*Task requirements*
Please output every record below exactly as written, leaving out any pictures.

Dataset entries:
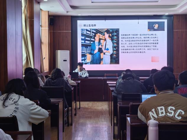 3月26日上午,研究生党支部“党建小课堂”第三十一讲开讲。2023级法学班王靖斌、2024级法律法学班梁硕分别以《传承红色基因,践行时代担当》、《张晋藩教授:法学生涯与贡献》为题进行分享。
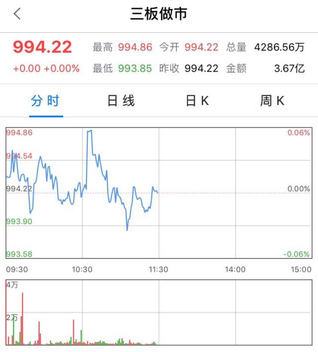 6、做市指数今以994.22点开盘后持续震荡,呈心电图走势,午间平盘收局。
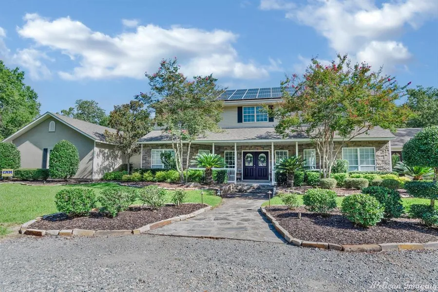 This is your chance to live outside the Shreveport city limits on 8.1 acres north of Southern Loop and east of I-49. Keep all of your toys on your own property with covered boat or RV storage, more than enough parking and an attached garage. This gorgeous home has all the space you have ever wanted for hobbies, entertaining and relaxing. Beautiful and spacious custom kitchen with ample countertop and cabinet space plus a prep sink in the island, two large living and dining spaces PLUS a huge game room with beautiful built ins, fireplace, another FULL kitchen and attached covered patio. Oversized second floor primary suite features a fireplace and balcony overlooking the grounds. Beautiful landscaping, solar panels and a Generac generator are just a few of the other extras this property has to offer.
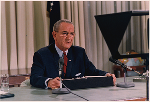 Because Lyndon B. Johnson had been elected to the presidency only once, in 1964, and had served less than two full years of the term before that, the Twenty-second Amendment did not disqualify him from running for another term.[18] As a result, it was widely assumed when 1968 began that President Johnson would run for another term, and that he would have little trouble winning the Democratic nomination.
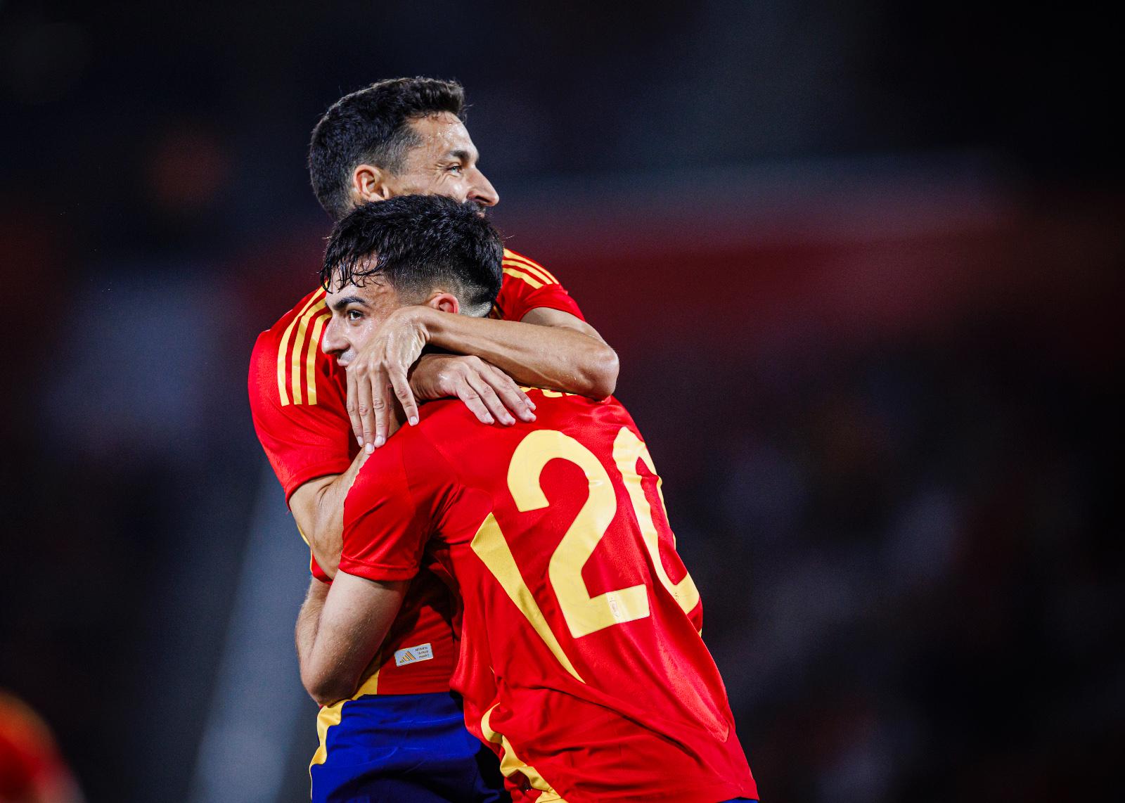 这场比赛西班牙派出大部分的主力球员,在4-3-3阵型当中,乌奈-西蒙回到首发位置,为斗牛士把守球门。38岁的纳瓦斯力压卡瓦哈尔,跟纳乔、勒诺尔芒和库库雷利亚镇守后防,中场三东谈主是佩德里、罗德里以及法比安-鲁伊斯。莫拉塔司职中锋,亚马尔和尼科-威廉斯分居两侧。
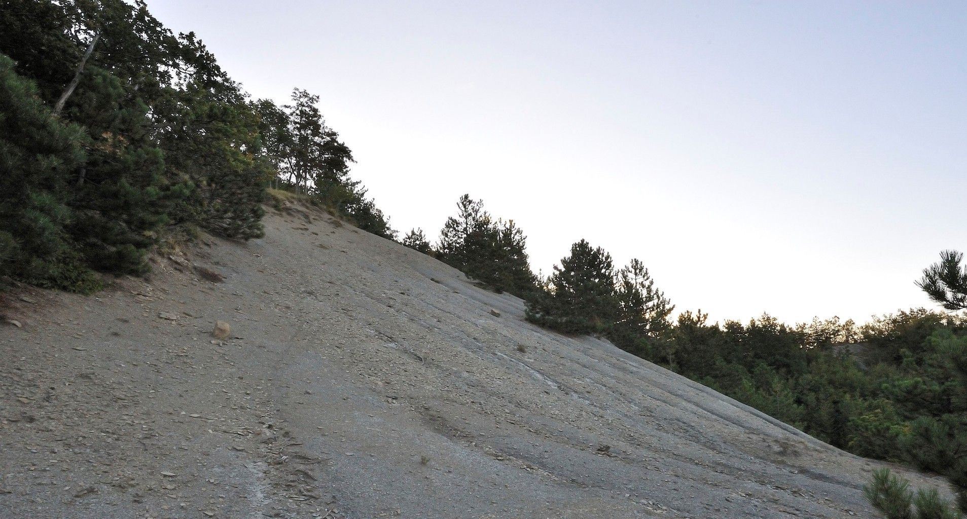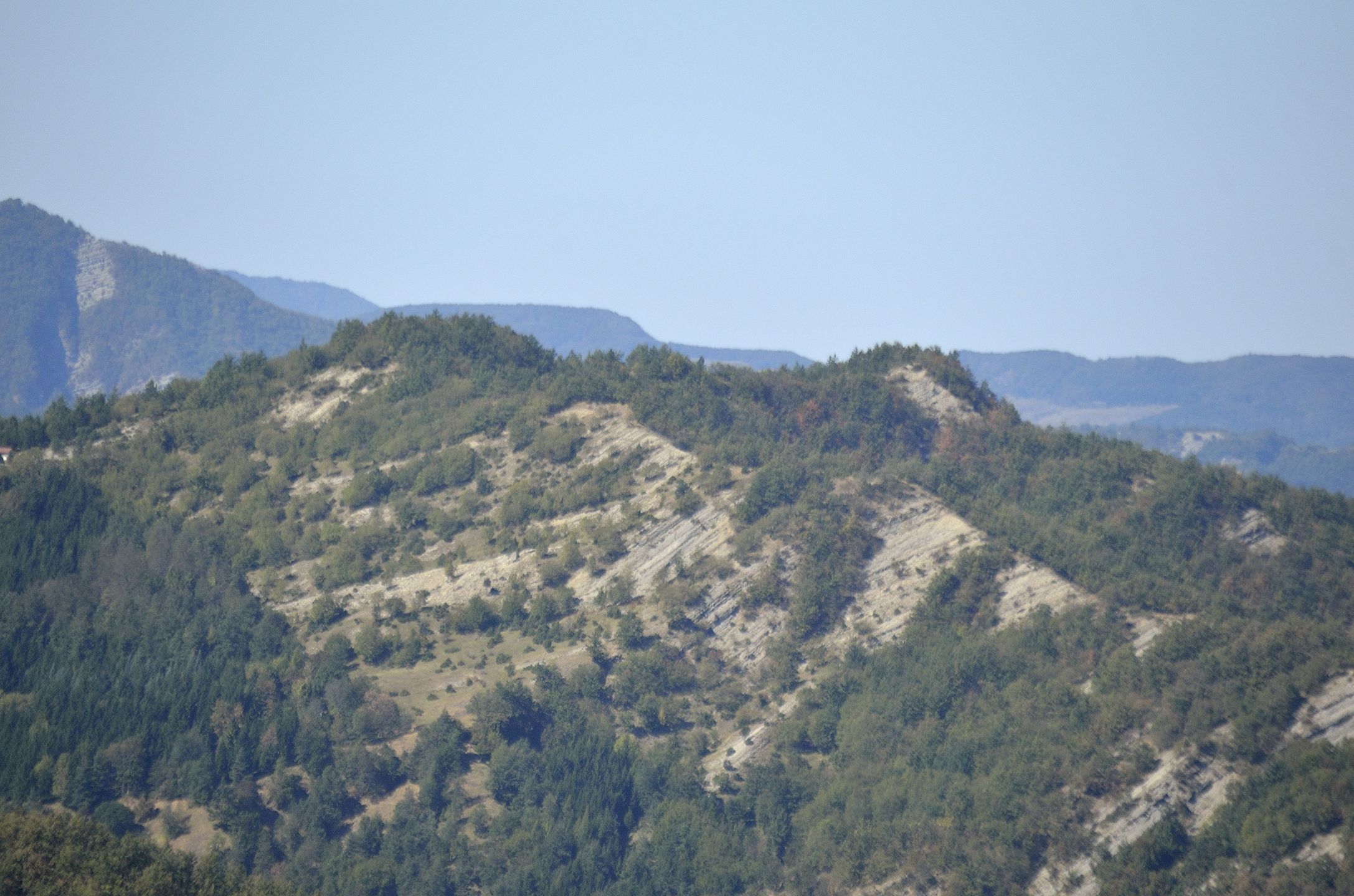 00e1/00e5 - Dalla pista che raggiunge Pratalino, panoramiche verso il Monte Moricciona, con il versante meridionale disposto a franapoggio, ovvero parallelo alla giacitura delle stratificazioni, pertanto sottoposto ad erosione (19/07/16 – 16/10/16 – 4/07/17 - 28/08/18).

*Reply to the exercise*
 3月26日上午,研究生党支部“党建小课堂”第三十一讲开讲。2023级法学班王靖斌、2024级法律法学班梁硕分别以《传承红色基因,践行时代担当》、《张晋藩教授:法学生涯与贡献》为题进行分享。
 6、做市指数今以994.22点开盘后持续震荡,呈心电图走势,午间平盘收局。
 This is your chance to live outside the Shreveport city limits on 8.1 acres north of Southern Loop and east of I-49. Keep all of your toys on your own property with covered boat or RV storage, more than enough parking and an attached garage. This gorgeous home has all the space you have ever wanted for hobbies, entertaining and relaxing. Beautiful and spacious custom kitchen with ample countertop and cabinet space plus a prep sink in the island, two large living and dining spaces PLUS a huge game room with beautiful built ins, fireplace, another FULL kitchen and attached covered patio. Oversized second floor primary suite features a fireplace and balcony overlooking the grounds. Beautiful landscaping, solar panels and a Generac generator are just a few of the other extras this property has to offer.
 Because Lyndon B. Johnson had been elected to the presidency only once, in 1964, and had served less than two full years of the term before that, the Twenty-second Amendment did not disqualify him from running for another term.[18] As a result, it was widely assumed when 1968 began that President Johnson would run for another term, and that he would have little trouble winning the Democratic nomination.
 这场比赛西班牙派出大部分的主力球员,在4-3-3阵型当中,乌奈-西蒙回到首发位置,为斗牛士把守球门。38岁的纳瓦斯力压卡瓦哈尔,跟纳乔、勒诺尔芒和库库雷利亚镇守后防,中场三东谈主是佩德里、罗德里以及法比安-鲁伊斯。莫拉塔司职中锋,亚马尔和尼科-威廉斯分居两侧。
 00e1/00e5 - Dalla pista che raggiunge Pratalino, panoramiche verso il Monte Moricciona, con il versante meridionale disposto a franapoggio, ovvero parallelo alla giacitura delle stratificazioni, pertanto sottoposto ad erosione (19/07/16 – 16/10/16 – 4/07/17 - 28/08/18).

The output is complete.